_Work task_: The needed output is the run of lines below from the one containing "Toyota division posted" through the one containing "About Gwendolyn's work;", copied exactly and free of pictures.

Top of Available data

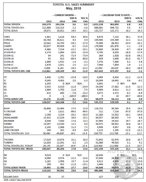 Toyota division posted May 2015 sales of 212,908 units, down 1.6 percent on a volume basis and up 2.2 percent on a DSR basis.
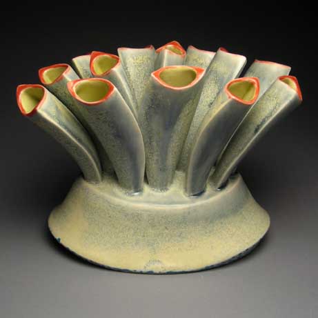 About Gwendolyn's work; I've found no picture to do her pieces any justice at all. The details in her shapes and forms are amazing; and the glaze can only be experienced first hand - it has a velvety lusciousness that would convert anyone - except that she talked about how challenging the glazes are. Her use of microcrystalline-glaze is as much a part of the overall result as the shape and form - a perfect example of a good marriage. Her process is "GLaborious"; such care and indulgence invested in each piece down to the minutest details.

Bottom of Available data
Top of Available data

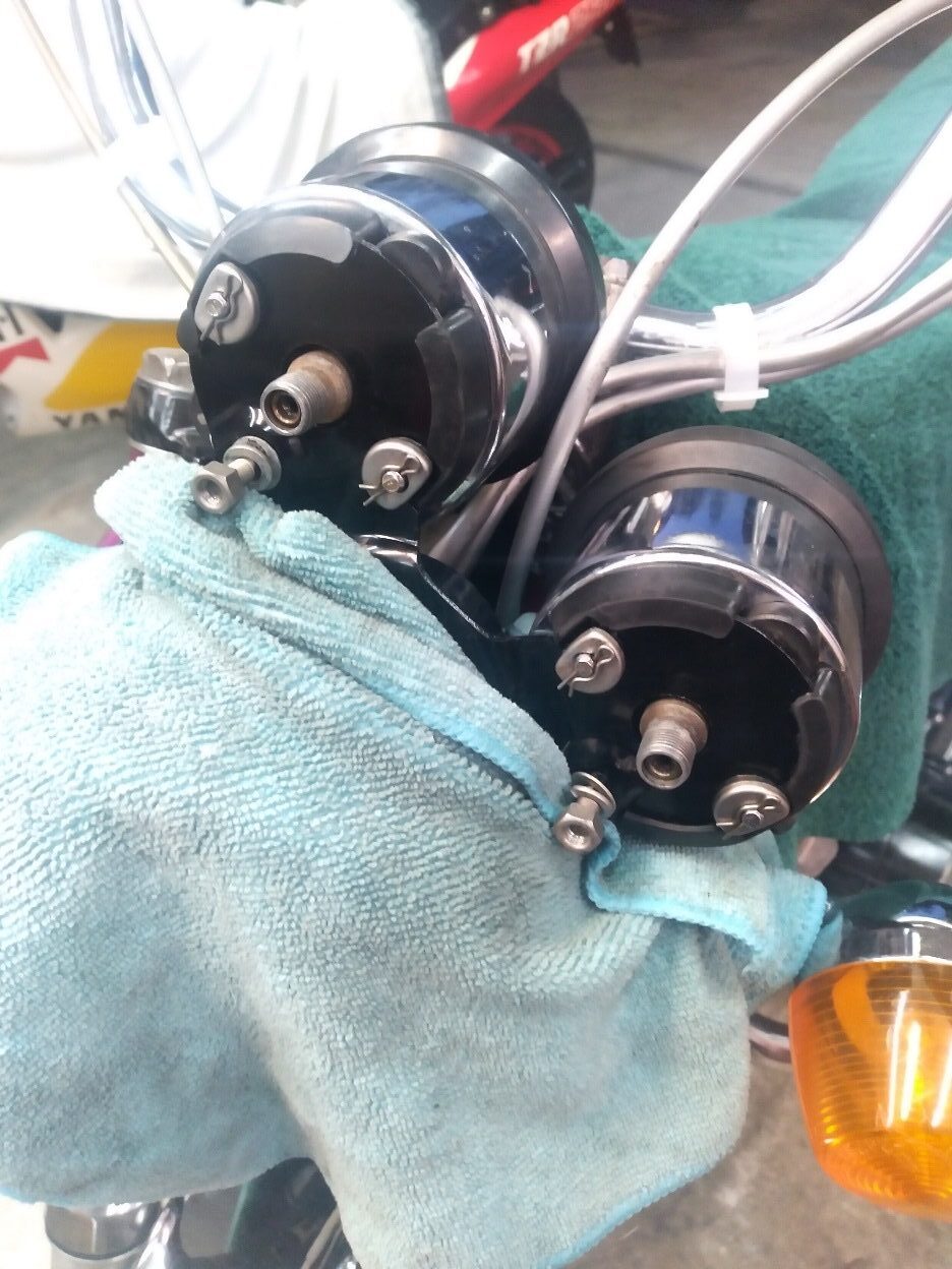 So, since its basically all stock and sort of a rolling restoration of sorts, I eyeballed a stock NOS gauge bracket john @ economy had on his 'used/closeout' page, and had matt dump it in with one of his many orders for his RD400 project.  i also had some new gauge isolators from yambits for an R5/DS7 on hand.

Bottom of Available data

_Answer to the problem_:
 Toyota division posted May 2015 sales of 212,908 units, down 1.6 percent on a volume basis and up 2.2 percent on a DSR basis.
 About Gwendolyn's work; I've found no picture to do her pieces any justice at all. The details in her shapes and forms are amazing; and the glaze can only be experienced first hand - it has a velvety lusciousness that would convert anyone - except that she talked about how challenging the glazes are. Her use of microcrystalline-glaze is as much a part of the overall result as the shape and form - a perfect example of a good marriage. Her process is "GLaborious"; such care and indulgence invested in each piece down to the minutest details.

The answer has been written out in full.